Records to use:
====

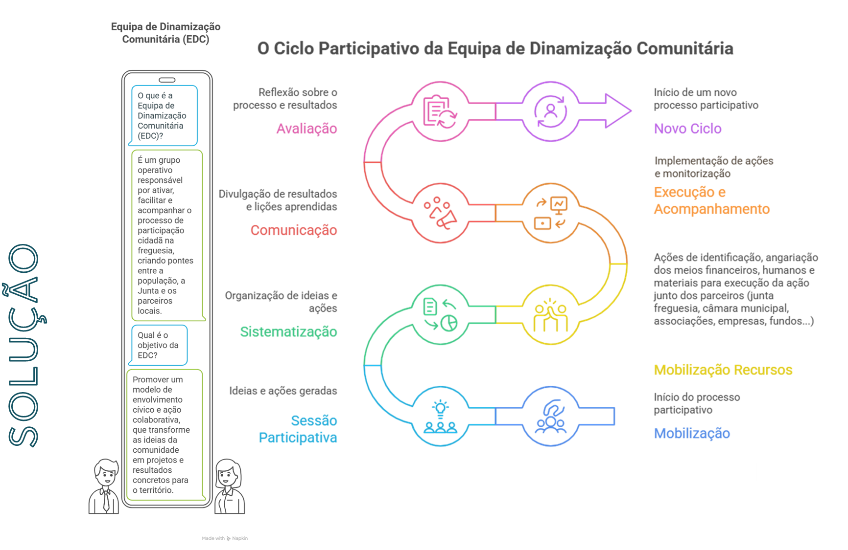 Junqueira Participa é um processo em construção, aberto e contínuo. A Equipa de Dinamização Comunitária (EDC) é o grupo operativo responsável por ativar, facilitar e acompanhar o processo de participação cidadã na freguesia, criando pontes entre a população, a Junta e os parceiros locais.
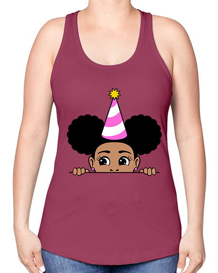 peekaboo afro puffs birthday girl 24#- Sub -Racerback Tank
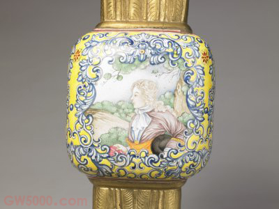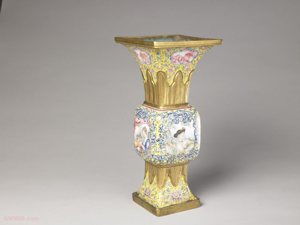 乾隆款画珐琅西洋人物图花觚,清乾隆,高25.6厘米,口径11.5厘米。清宫旧藏。 花觚撇口,鼔腹,高足,平底。自腹部向上、向下对称饰錾刻鎏金的蕉叶纹各一周。通体在黄色珐琅地上分三层做装饰。上层做四面开光,内饰胭脂色山水图,外饰缠枝花卉纹。中部四面以大卷叶大开光,内绘西洋人物图景,两两相对。下层亦饰缠枝花卉纹。底部白色,中心双方框内书“乾隆年制”款。 此器系仿古代青铜觚的造型,线条优美流畅,色彩鲜艳纯正,纹饰描绘精致,是珐琅器中的精品。金属胎珐琅工艺之一。作法是先在红铜胎上涂白珐琅,入窑烧结后,在其平滑的表面以各色珐琅料及金绘画图案,再经焙烧而成。这种工艺晚于錾胎和掐丝珐琅,是清康熙年间(1662—1722年)在欧洲画珐琅工艺的影响下烧制成功的。 珐琅,又称“佛郎”“法蓝”“琺瑯”,是一外来语的音译词。珐琅的基本成分为石英、长石、硼砂和氟化物,与陶瓷釉、琉璃、玻璃(料)同属硅酸盐类物质。中国古代习惯将附着在陶或瓷胎表面的称“釉”;附着在建筑瓦件上的称“琉璃”;而附着在金属表面上的则称为“珐琅”。 金属胎珐琅器则依据在制作过程中具体加工工艺的不同,可分为掐丝珐琅器、錾胎珐琅器、画珐琅器和透明珐琅器等几个品种。原为商周时期流行的酒器。宋代各窑按其形进行烧制,仍保留着早期的特点。元、明、清各时期尽管也有烧制,但结合瓷器的特点有所变化。 古建筑彩画绘画的一种题材。清代中期之前多画绿叶子花卉,清代晚期画黑叶子花卉。 我国传统装饰技法之一。即为使器物上的装饰变化多样或突出某一形象,往往在器物的某一部位勾勒出某一形状(如扇形、蕉叶形、菱形、心形、桃形、圆形等)的空间,其内饰以图纹。 装饰纹样的一种。一端尖锐,一端较宽,作蕉叶的形式。蕉是“芭蕉”的略称,蕉叶即芭蕉叶。
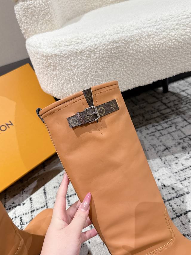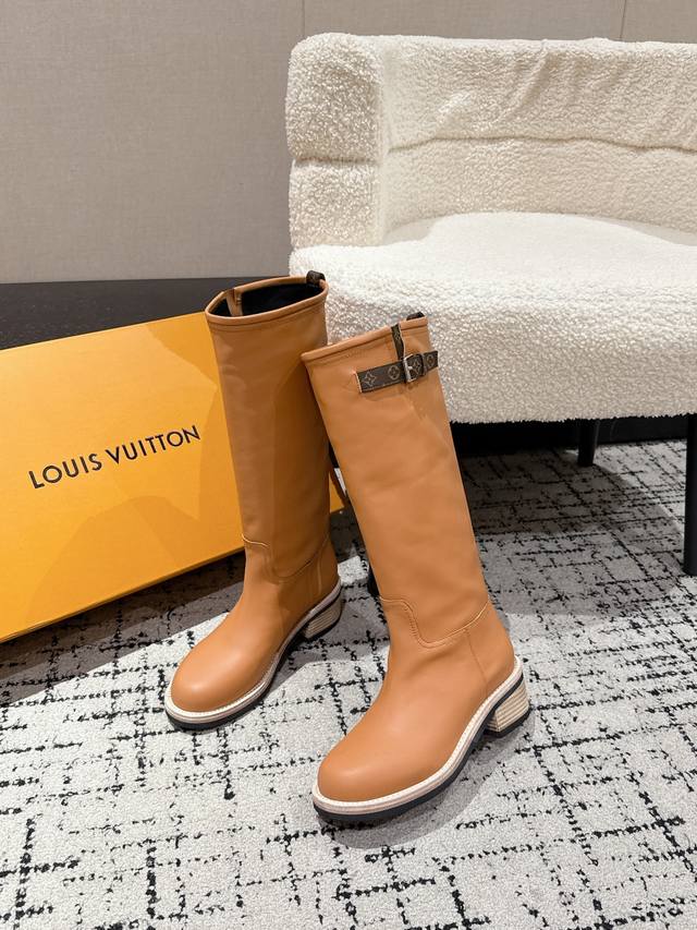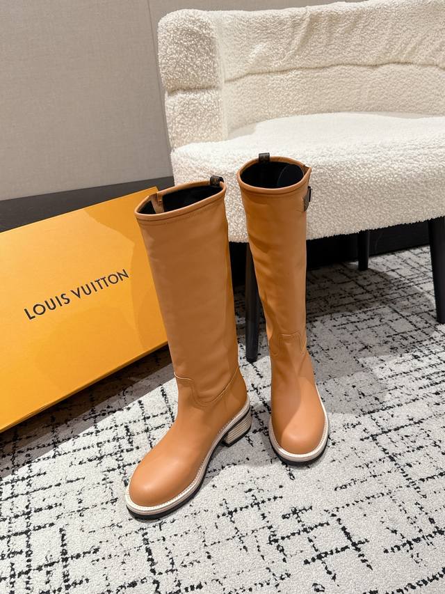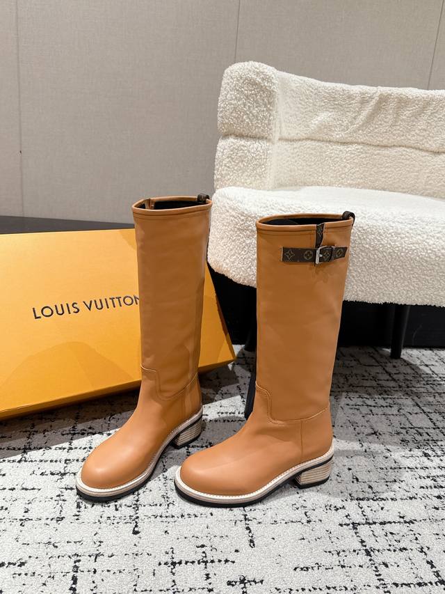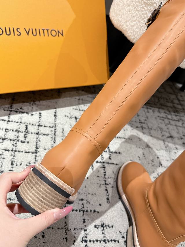 顶级版本 Louis Vuitton Lv 25 Biker 秋冬新款 高筒靴 粗跟一脚蹬 直筒 长靴 厚底骑士靴 本款 Lv Biker 高筒靴以光滑牛皮革塑
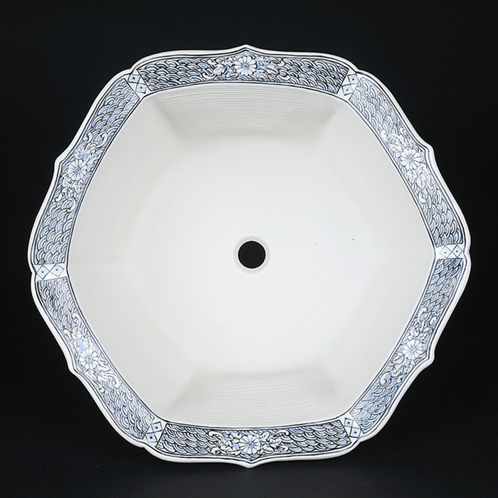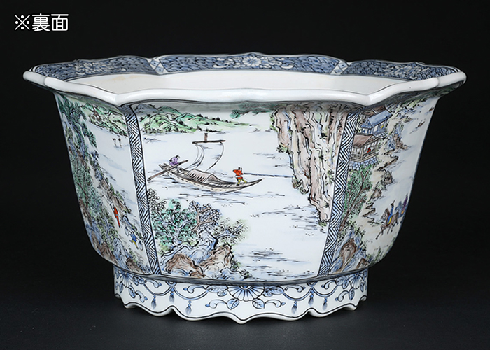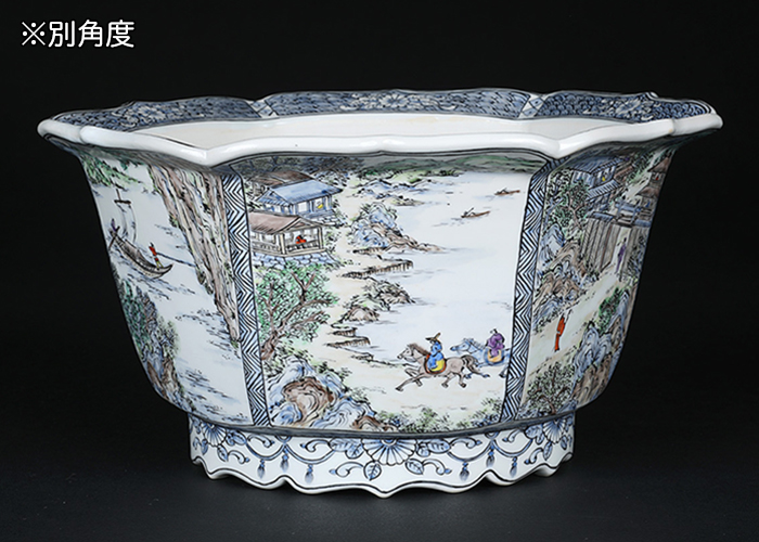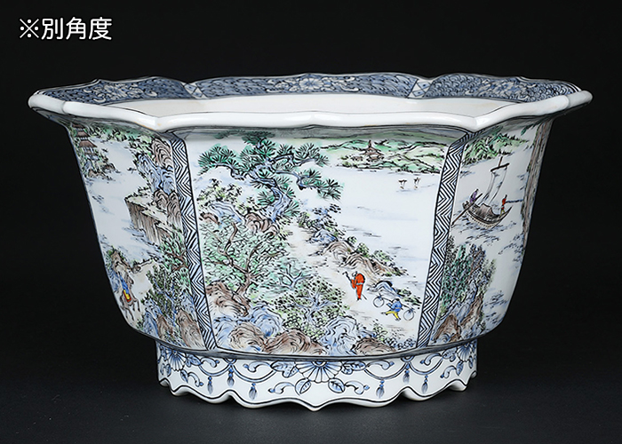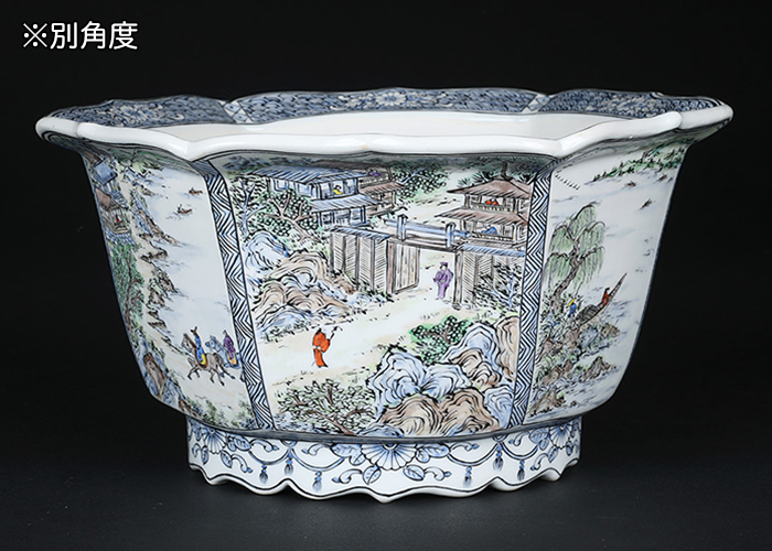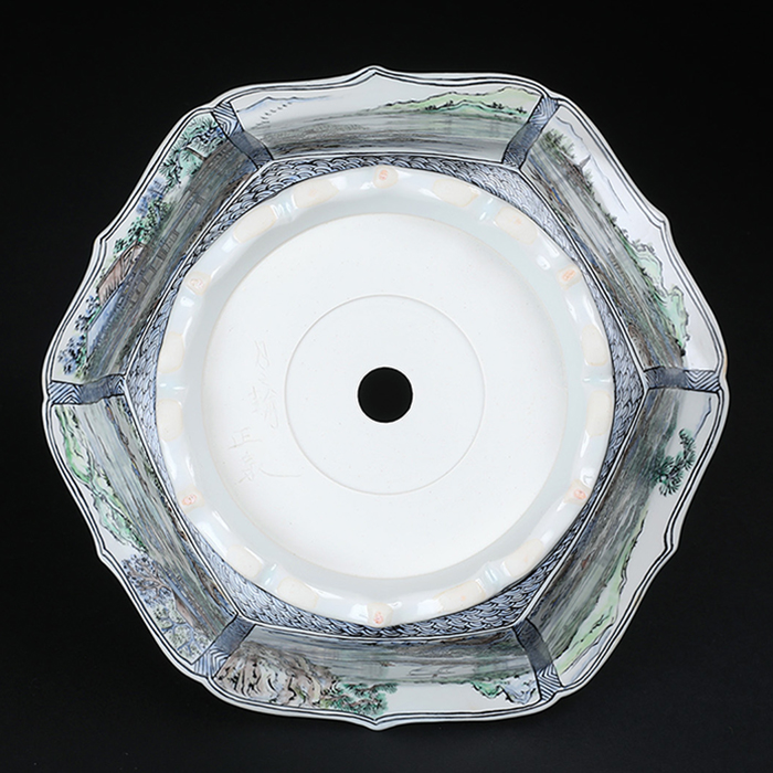 間口が20㎝以下の小鉢が中心の正泉には珍しい大きさで、小ぶりな中品に使える型・寸法である。六面全てに異なる山水の風景が描写されており、いずれの面も正面使いが可能。六角型ながら、縁は輪花式の型で成型されているのも面白い。落款:月之輪正泉

====

What you will do: In your copy, omit the pictures and restate every line of the data word for word.

Finished exercise:
 Junqueira Participa é um processo em construção, aberto e contínuo. A Equipa de Dinamização Comunitária (EDC) é o grupo operativo responsável por ativar, facilitar e acompanhar o processo de participação cidadã na freguesia, criando pontes entre a população, a Junta e os parceiros locais.
 peekaboo afro puffs birthday girl 24#- Sub -Racerback Tank
 乾隆款画珐琅西洋人物图花觚,清乾隆,高25.6厘米,口径11.5厘米。清宫旧藏。 花觚撇口,鼔腹,高足,平底。自腹部向上、向下对称饰錾刻鎏金的蕉叶纹各一周。通体在黄色珐琅地上分三层做装饰。上层做四面开光,内饰胭脂色山水图,外饰缠枝花卉纹。中部四面以大卷叶大开光,内绘西洋人物图景,两两相对。下层亦饰缠枝花卉纹。底部白色,中心双方框内书“乾隆年制”款。 此器系仿古代青铜觚的造型,线条优美流畅,色彩鲜艳纯正,纹饰描绘精致,是珐琅器中的精品。金属胎珐琅工艺之一。作法是先在红铜胎上涂白珐琅,入窑烧结后,在其平滑的表面以各色珐琅料及金绘画图案,再经焙烧而成。这种工艺晚于錾胎和掐丝珐琅,是清康熙年间(1662—1722年)在欧洲画珐琅工艺的影响下烧制成功的。 珐琅,又称“佛郎”“法蓝”“琺瑯”,是一外来语的音译词。珐琅的基本成分为石英、长石、硼砂和氟化物,与陶瓷釉、琉璃、玻璃(料)同属硅酸盐类物质。中国古代习惯将附着在陶或瓷胎表面的称“釉”;附着在建筑瓦件上的称“琉璃”;而附着在金属表面上的则称为“珐琅”。 金属胎珐琅器则依据在制作过程中具体加工工艺的不同,可分为掐丝珐琅器、錾胎珐琅器、画珐琅器和透明珐琅器等几个品种。原为商周时期流行的酒器。宋代各窑按其形进行烧制,仍保留着早期的特点。元、明、清各时期尽管也有烧制,但结合瓷器的特点有所变化。 古建筑彩画绘画的一种题材。清代中期之前多画绿叶子花卉,清代晚期画黑叶子花卉。 我国传统装饰技法之一。即为使器物上的装饰变化多样或突出某一形象,往往在器物的某一部位勾勒出某一形状(如扇形、蕉叶形、菱形、心形、桃形、圆形等)的空间,其内饰以图纹。 装饰纹样的一种。一端尖锐,一端较宽,作蕉叶的形式。蕉是“芭蕉”的略称,蕉叶即芭蕉叶。
 顶级版本 Louis Vuitton Lv 25 Biker 秋冬新款 高筒靴 粗跟一脚蹬 直筒 长靴 厚底骑士靴 本款 Lv Biker 高筒靴以光滑牛皮革塑
 間口が20㎝以下の小鉢が中心の正泉には珍しい大きさで、小ぶりな中品に使える型・寸法である。六面全てに異なる山水の風景が描写されており、いずれの面も正面使いが可能。六角型ながら、縁は輪花式の型で成型されているのも面白い。落款:月之輪正泉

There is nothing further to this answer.